Task objective: Without changing a word, copy every line of the listing below and leave out the images.

Dataset extract:

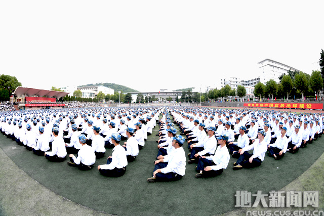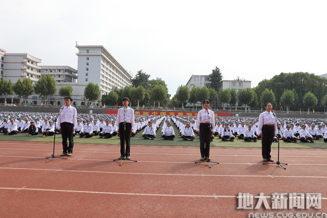 开学典礼后,全场师生共同唱响校歌《勘探队员之歌》,嘹亮悠扬的歌声响彻地大校园。
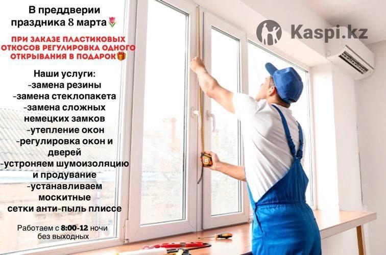 От нас Okna_prof_remont,вы получите не только профессиональные услуги но и качественный сервис! 1-Уборка после нашей работы 2-Пунктуальные 3-Всегда при замере учитываем какой пол,чтоб при работе застелить. Наш опыт более 18 лет позволяет нам сделать любую сложность, поломки окна и двери Пластиковых. 1-Замена с простого открывания на сложное 2-Устранение шумоизоляции и продувания 3-Москитные Сетки-внутренние и наружные 4-Из глухого окна делаем открывания 5-Замена Стеклопакетов 6-Замена Подоконника 7-Ремонт москитных Сеток 8-Регулировка Окон и Дверей Пластиковых 9-Замена Уплотнителя 10-Установка Крабовых Замков Для Простых открывания!!!Подробности по телефону 11-Установка магнитов и ручек курильщиков 12-Замена Ручек 13-Замена Дизайна Ручек и Декор Накладок 14-Делаем Правильный Водоотлив И ещё многое другое Звоните и мы вам поможем! По выходным скидка на Москитную сетку антипыль 15%
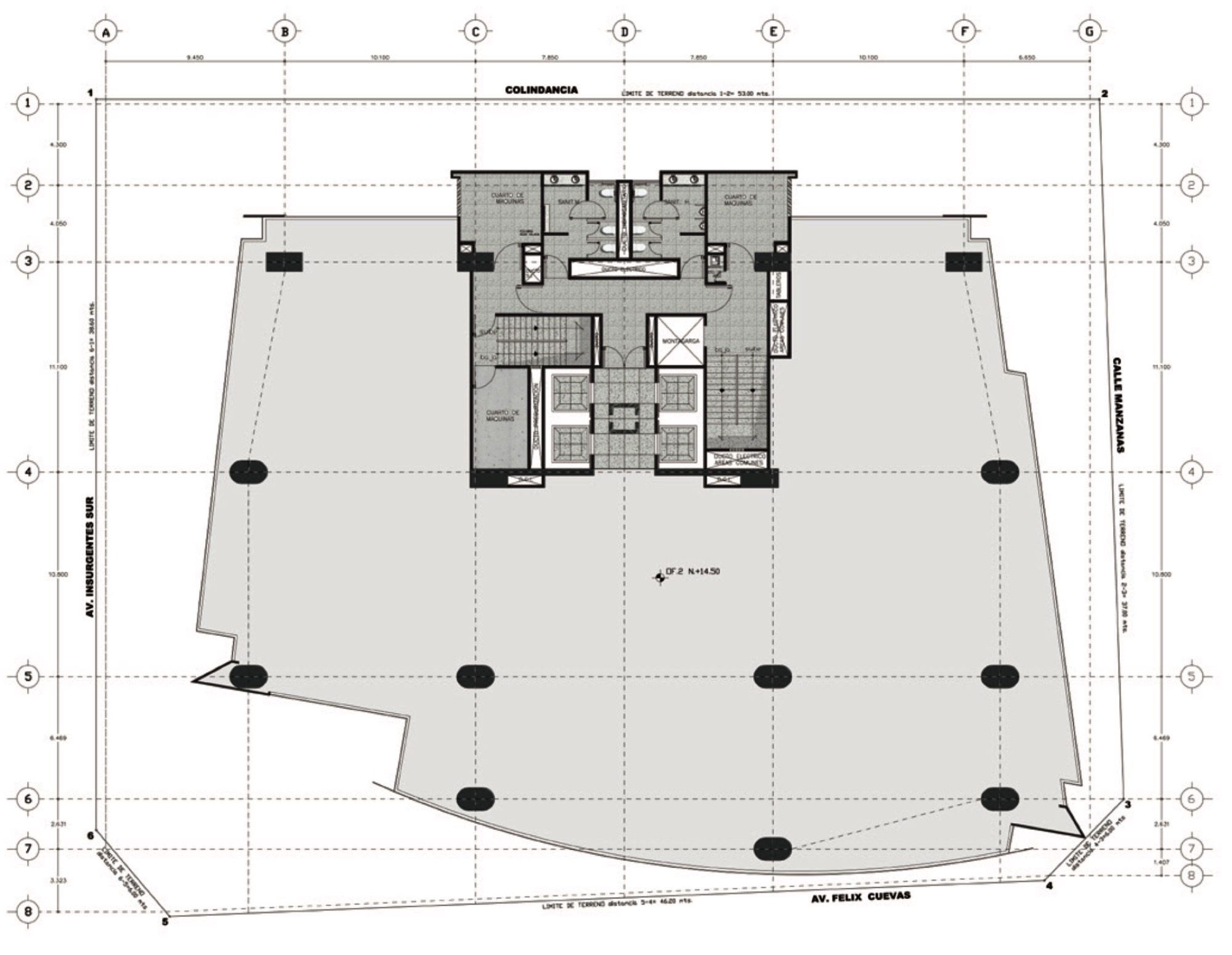 Áreas prediseñadas para la instalación de equipos de aire, redes de telefonía, entre otros, que permite la distribución de una planta completa sin necesidad de sacrificar espacios de oficina.

Output of the exercise:
 开学典礼后,全场师生共同唱响校歌《勘探队员之歌》,嘹亮悠扬的歌声响彻地大校园。
 От нас Okna_prof_remont,вы получите не только профессиональные услуги но и качественный сервис! 1-Уборка после нашей работы 2-Пунктуальные 3-Всегда при замере учитываем какой пол,чтоб при работе застелить. Наш опыт более 18 лет позволяет нам сделать любую сложность, поломки окна и двери Пластиковых. 1-Замена с простого открывания на сложное 2-Устранение шумоизоляции и продувания 3-Москитные Сетки-внутренние и наружные 4-Из глухого окна делаем открывания 5-Замена Стеклопакетов 6-Замена Подоконника 7-Ремонт москитных Сеток 8-Регулировка Окон и Дверей Пластиковых 9-Замена Уплотнителя 10-Установка Крабовых Замков Для Простых открывания!!!Подробности по телефону 11-Установка магнитов и ручек курильщиков 12-Замена Ручек 13-Замена Дизайна Ручек и Декор Накладок 14-Делаем Правильный Водоотлив И ещё многое другое Звоните и мы вам поможем! По выходным скидка на Москитную сетку антипыль 15%
 Áreas prediseñadas para la instalación de equipos de aire, redes de telefonía, entre otros, que permite la distribución de una planta completa sin necesidad de sacrificar espacios de oficina.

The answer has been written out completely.